A dash of selfishness
Sir — Sonia Gandhi seems to be lately setting too much store by the desire to do the right thing, in the “national interest” (“Congress puts faith in politician Sonia”, Oct 30). First, she allowed the mufti to have his way in Jammu and Kashmir, and then she refused to respond to the Samajwadi Party’s overtures in Uttar Pradesh. Also over-ruling a veteran politician like S.M. Krishna on the Cauvery waters issue may have been very statesman-like, but it just might cost the Congress the state in the next elections. Also, much as the Congress would like to give all the credit to its president for its having governments in 14 states, a less charitable, though equally plausible, explanation could be that the wins were nothing more than happy coincidence — a combination of the anti-incumbency factor, charismatic leaders and a divided opposition. Politics is hardly the place for gentlemen as Sonia Gandhi should know. It involves grabbing a half inch and forcing it to go the whole mile.
Ranjan Saha, Jamshedpur
Sir — The austerity drive announced by the West Bengal government last month has run into resistance from government officials.

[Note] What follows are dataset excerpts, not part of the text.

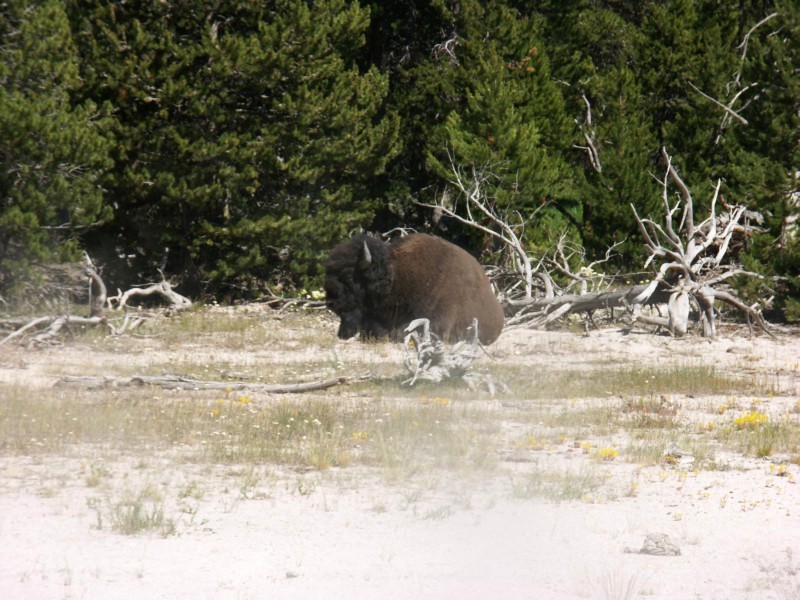 Les odeurs de soufre et la foule des touristes ne gêne absolument pas les bisons résidents de Yellowstone.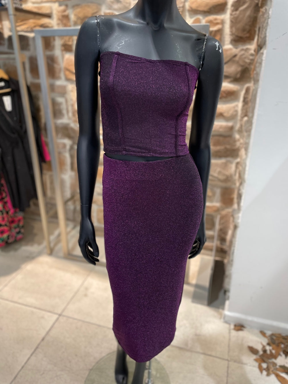 Midi-length skirt in stretch fabric. High waist with internal elastic band. Calf length, central back slit. Tone-on-tone lurex fabric. Size in photo S. Fabric composition 62% nylon, 28% metallic fibers, 10% elastane. Create the outfit with the matching top.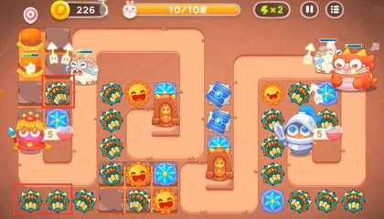 2、开局先在两个滑道右侧各自放上一个拳头,拖到最右边,先把右侧的道具清掉。先在滑道中间位置放上2个月亮提供减速,之后在滑道左侧继续补充2个拳头增强火力,此时要注意控制滑道上的炮塔跟着怪群走。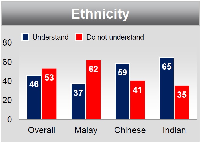 In terms of understanding of GST based on ethnicity, Indians recorded the highest numbers at 65 percent, followed by Chinese at 59 percent and Malays at 37 percent. Also, those who follow alternative media appear to understand the tax better than mainstream media readers.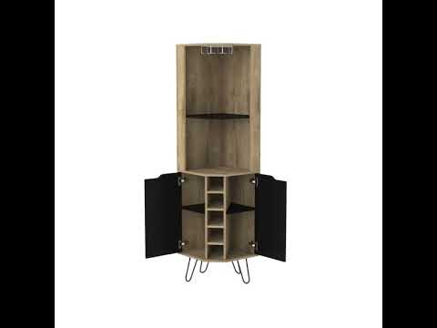 Bar Esquinero Cleo, Café Claro y Wengue, 2 Puertas con Con Espacio Para Porta Vasos y Botellas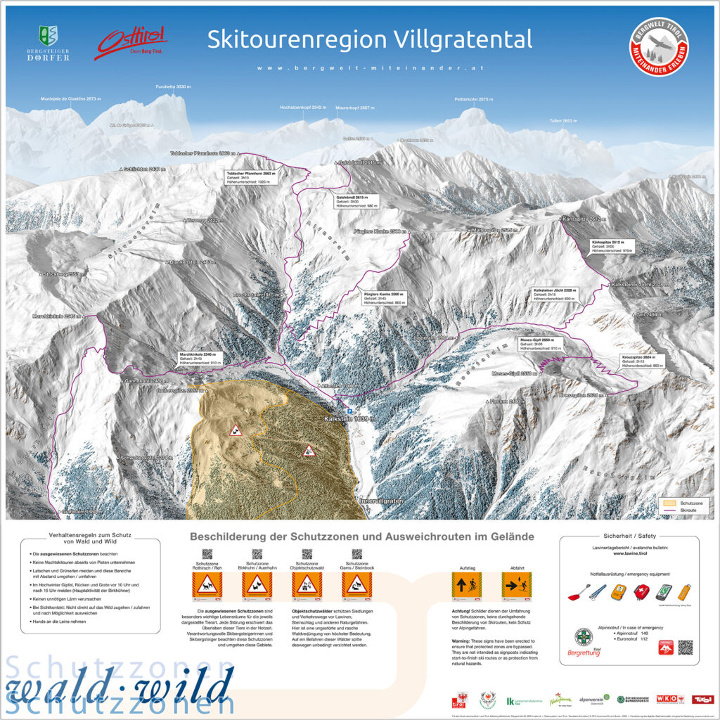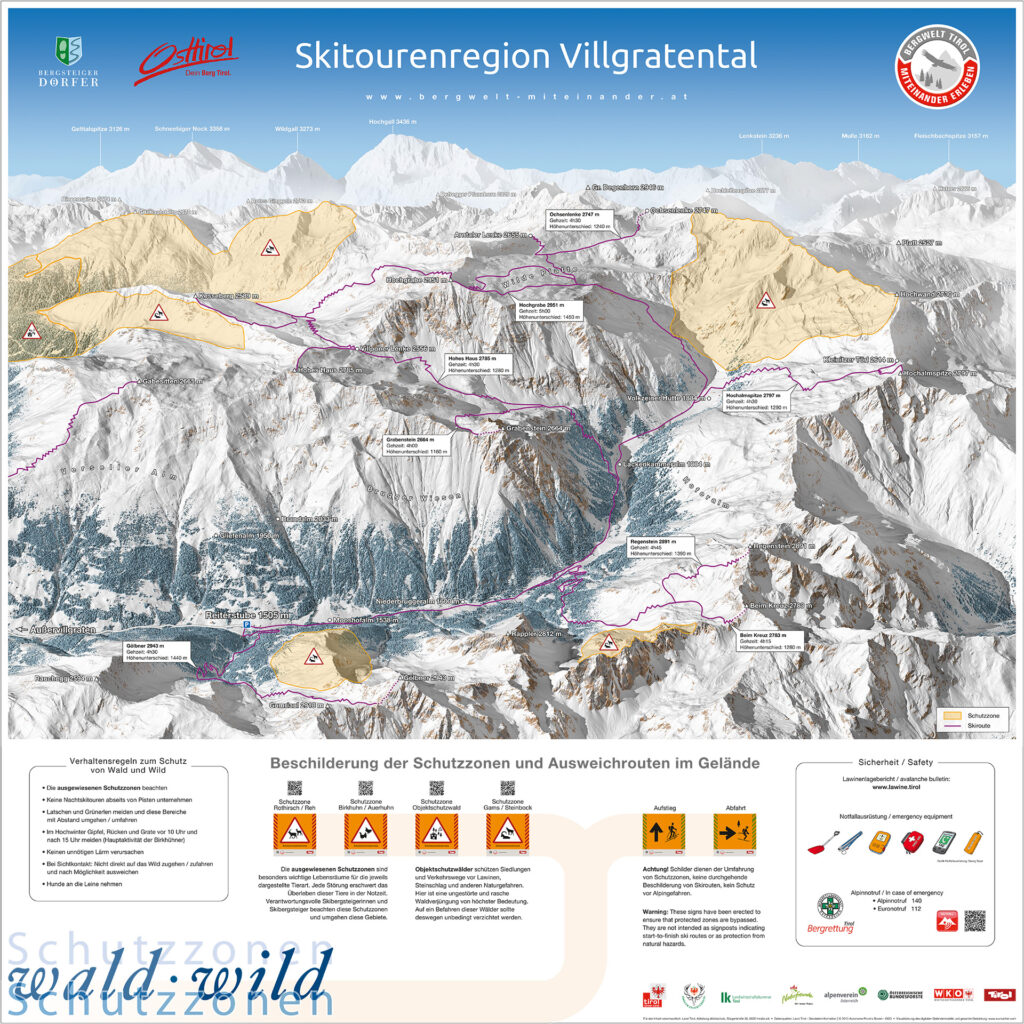 Wie seinerzeit im Osttiroler Villgratental. Es dient im Winter 2015 als Pilotregion für das Projekt Bergwelt Tirol – miteinander erleben. Dort sollen Wildtiere in ihrem natürlichen Lebensraum weniger, Berggeher aber nicht zu stark auf ihren Wegen, beeinträchtigt werden. „Deshalb haben wir Futterstellen für das Rotwild verlegt und das Wegenetz behutsam verändert“, erinnern sich Mitwirkende der Arbeitsgruppe Villgratental. „Seither gibt es etwa für Skitourengeher spezielle Aufstiegs– und Abfahrtshinweise in Form von Lenkungstafeln.“ Gleiches kann auch auf Schneeschuhwanderer und Mountainbiker ausgedehnt werden.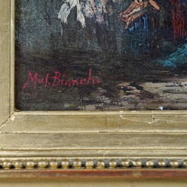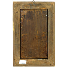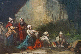 Veduta di paese con lavandaie, olio su tavola, firmato, cm 40,5x22, entro cornice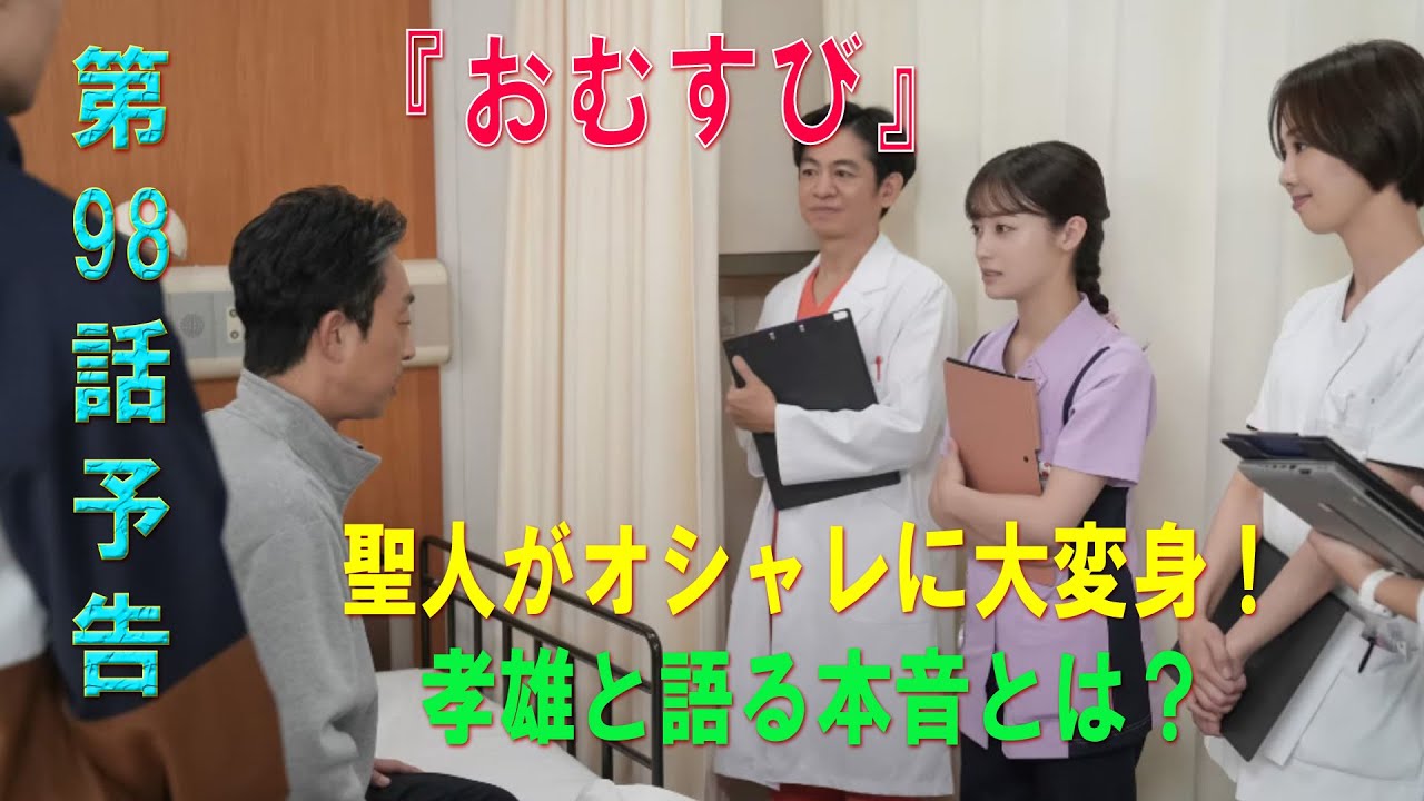 朝ドラ「おむすび」第98話予告 |ネタバレあらすじと感想!|聖人がオシャレに大変身!孝雄と語る本音とは?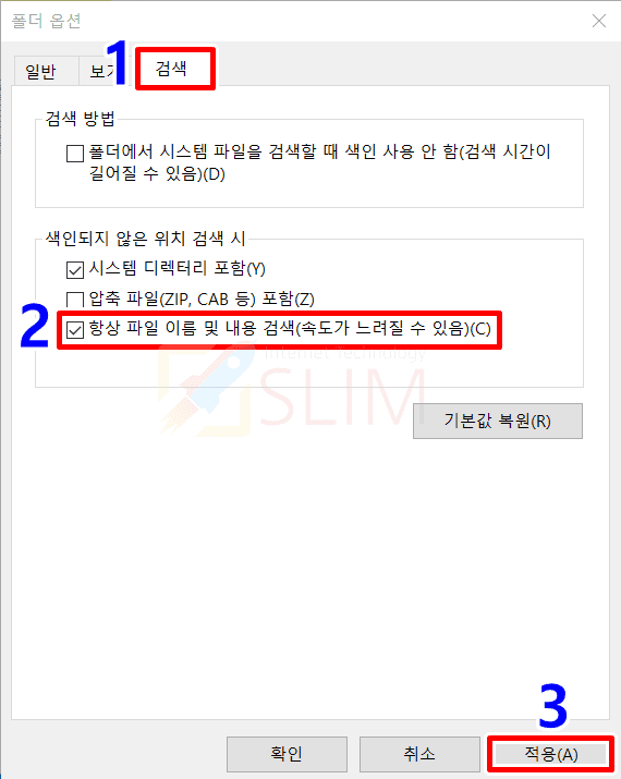 6. 항상 파일 이름 및 내용 검색(속도가 느려질 수 있음)을 체크합니다.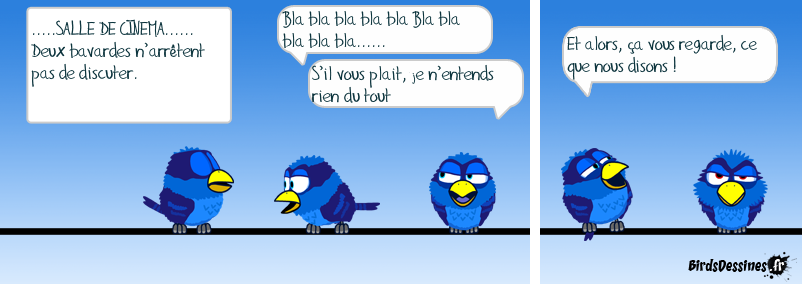 Case 1:Bird 1: .....SALLE DE CINEMA...... Deux bavardes n’arrêtent pas de discuter. Case 2:Bird 1: Bla bla bla bla bla Bla bla bla bla bla......Bird 2: S’il vous plait, je n’entends rien du tout Case 3:Bird 1: Et alors, ça vous regarde, ce que nous disons !
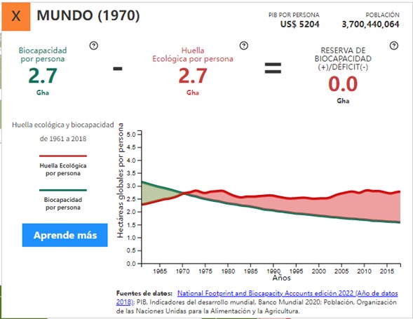 Desde la década de 1950 cuando, como lo propone Will Steffen[1], dio inicio la Gran Aceleración, la sinrazón productivista ha conducido a incrementar exponencialmente la presión de la humanidad sobre la ecosfera, aumentando su Huella Ecológica hasta que, en 1970, se superó la Biocapacidad del planeta, generando a nivel global un déficit ecológico crónico.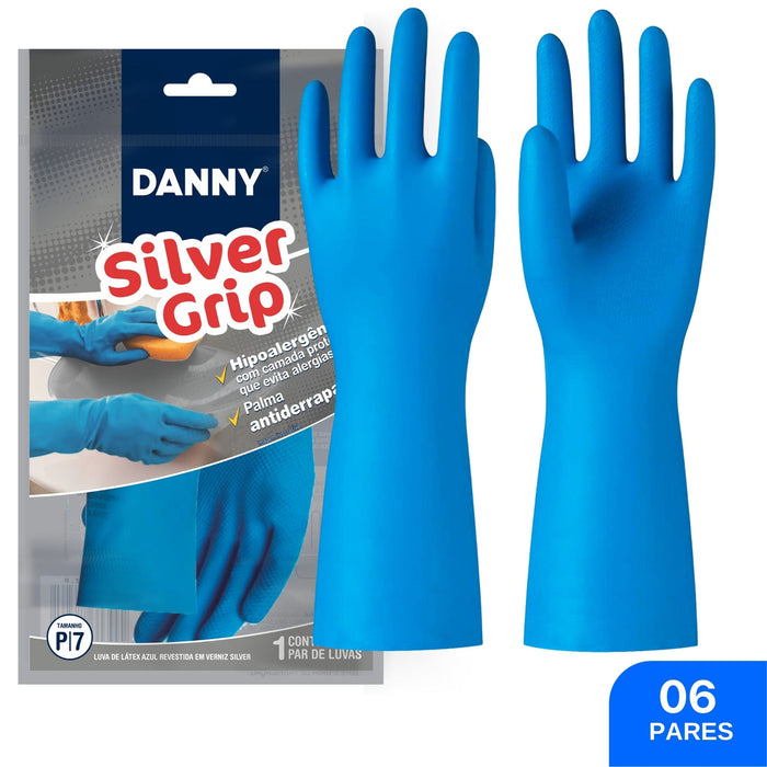 Kit 06 Pares - Luva de Proteção em Látex natural Silver Grip DA360 Danny - CA40730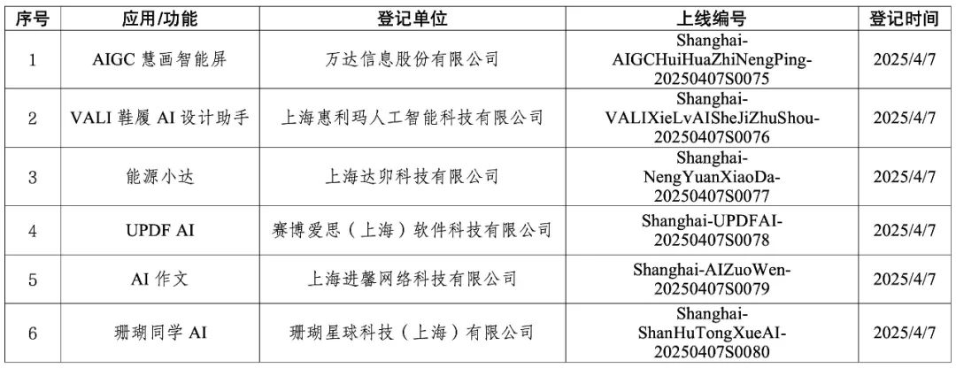 上海市新增6款已完成登记的生成式人工智能服务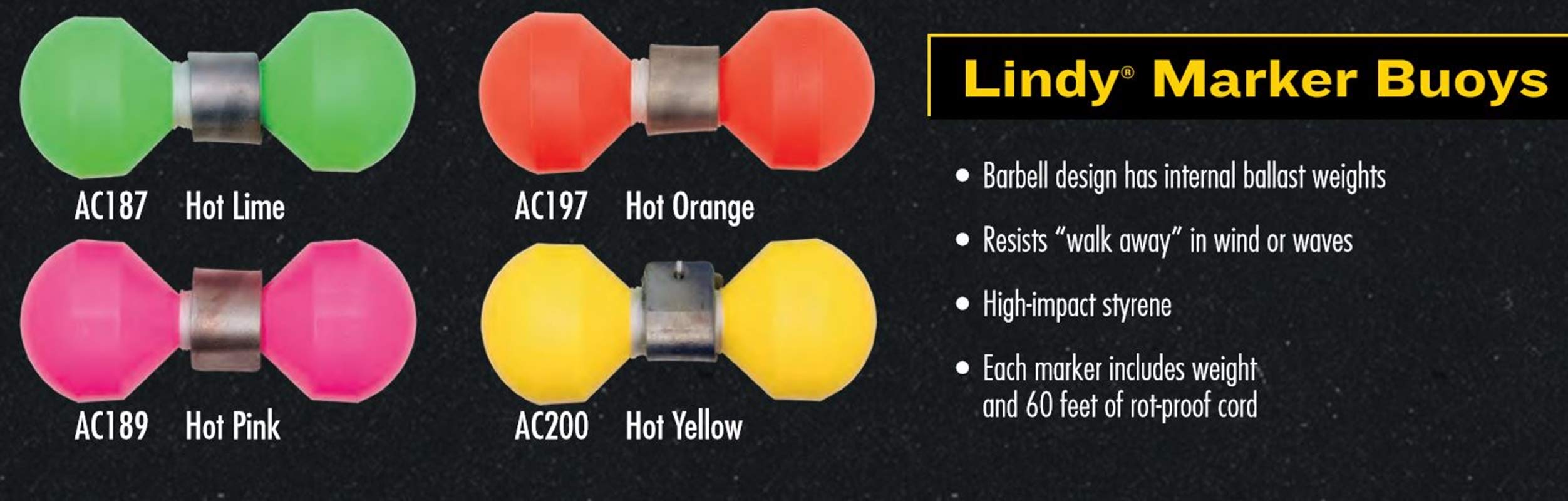 Mark a hot spot and find it again at a glance! The Lindy Tournament Marker Buoy Rack has a barbell design that features internal ballast weights for resistance to walking in wind or current. This high-impact styrene marker includes weight and 60 ft of rot proof cord. The Pack enures quick and easy acces to three hot-colored, high-visibility buoys for creating one's own marking system!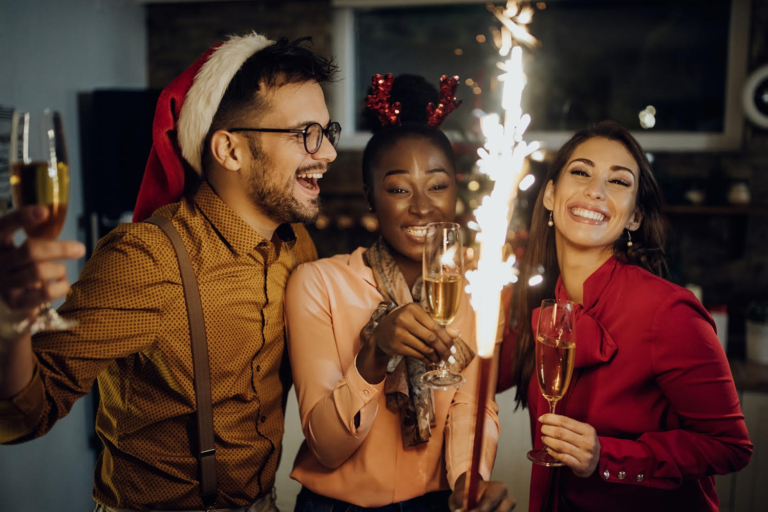Group of happy friends having fun while celebrating New Year together at home.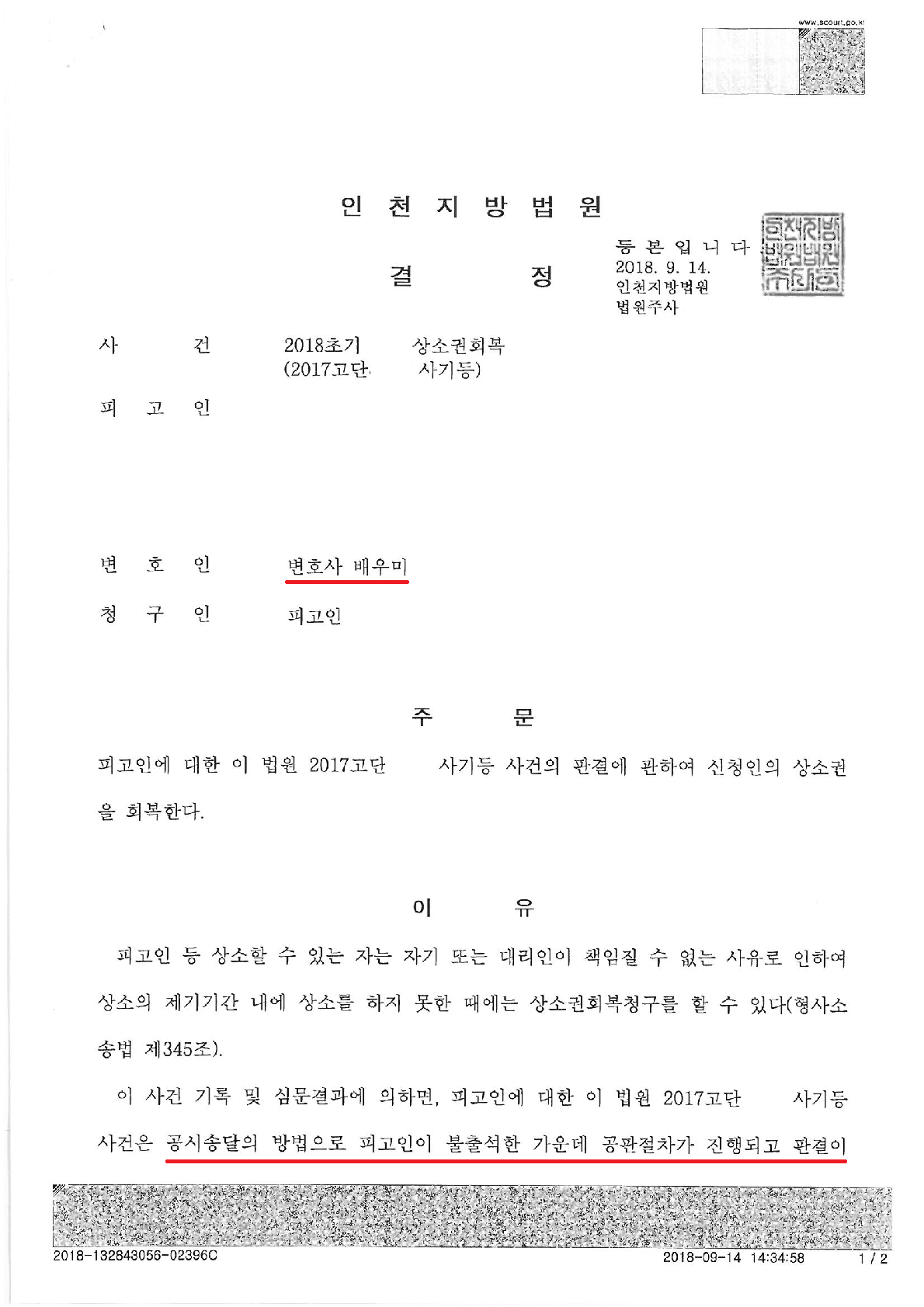 배우미 변호사의 변론대로 의뢰인이 책임지지 못할 사유로 공시송달을 통해 재판이 진행되었으므로, 상소권을 회복한다는 결정을 이끌어 낼 수 있었습니다.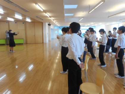 合唱練習の様子(その2) 公開日 2021/10/15 更新日 2021/10/15 芝園の一日 10月15日(金) 昨日放課後の合唱練習の様子です。 前後の距離をとり、マスクをして感染症対策を行って練習しています。芝中の顔である大階段も練習場所の一つです。練習の締めくくりに、話合いをして、今日の練習を振り返りました。

A close watch on phone and fuel bills makes sense but what is the guarantee that the funds thus saved will also not go to pay salaries to the government’s inflated workforce' And how successful has been the drive' Even now officials fly business class when they travel on official duty. The cabinet of the multi-party coalition government is necessarily large — for example, there are four ministers overseeing education. Also, the government takes loans indiscriminately which it does not always use to meet the said objectives. The report of the comptroller and auditor general has revealed how the government raised close to Rs 5,000 crore in infrastructure bonds which it diverted to pay salaries to its employees. The recent Central loan of Rs 878 crore will also not help to mitigate the financial crisis in the state. Already the interest on such loans has become too high.
But the government is even now loath to take the only step that will really improve matters — shed its workforce, as other states have done. Neither is it forcing universities and other state-aided institutions to become self-financing.
Ramawatar Jalan, Calcutta
Sir — The state government’s austerity drive is commendable, but it is too little, too late (“Save or splurge, babu wins”, Oct 12). Already puja bonus and ex gratia payments have been cut, and dearness allowance has been frozen. If something drastic isn’t done soon, West Bengal will become as bad as Bihar where employees are not paid for months. But our babus haven’t learnt a lesson — they still grudge having to share government cars with their subordinates.
Madhabi D. Ghosh, Calcutta
Sir — On the one hand, Asim Dasgupta wants all government offices to economize, and on the other hand, the state transport minister proposed to buy 800 new buses (“Green bus for clean roads”, Oct 18). Why can’t the existing fleet be used more efficiently'
P. Pramanik, Calcutta
Sir — In the last one and a half years, the number of police stations in the Calcutta metropolitan area has increased to about 42 against the 35 that existed earlier. Is this not wasteful expenditure, sanctioned by no less than the home (police) minister who is also the state’s chief minister, Buddhadeb Bhattacharjee' It is little use saying that the Mumbai or Chennai metropolitan police force is bigger — their revenues are also higher. Mindless acquisitions of new vehicles, mobile phones, redundant public relations exercises like football matches and, no less important, indiscriminate recruitments in the last few years have all taken their toll on the state’s resources. If Calcutta today has four police stations within a radius of less than four kilometres (Bhowanipore, Kalighat, Tollygunge and Charu Market), why blame the finance minister alone for the state’s poor finances'
Swarup Majumdar, Calcutta
Sir — Instead of undertaking an austerity drive, the West Bengal government should do something to check corruption, especially in regional transport offices. Thousands of vehicle owners visit the RTOs every day for registration, re-registration, driving licences, and so on. The procedures are very complicated and often, the necessary forms are out of stock so that one has no option but to go through a broker who collects “cha pani” (anywhere between Rs 200 to Rs 250) for the babus. If the government were to charge this amount upfront by setting up a single window for the entire procedure, it could earn crores.
Sudarsan Nandi, Rangamati
Sir — Is an overweight person always a fathead' At least that is the message that comes across in the television commercial of a popular medicated soap. The sage advice that one can save a lot on purchase of this soap comes from a rather petite — and by inference, wise — housewife, at the expense of her overweight, and hence less savvy, companion. Another TV commercial of a brand of paints too equates obesity with ugliness. In the West, such objectionable ads would raise such a ballyhoo that they would have to be taken off air. But why blame TV commercials' They are only following in the footsteps of Hindi films which are incomplete without the stereotypical fat buffoon.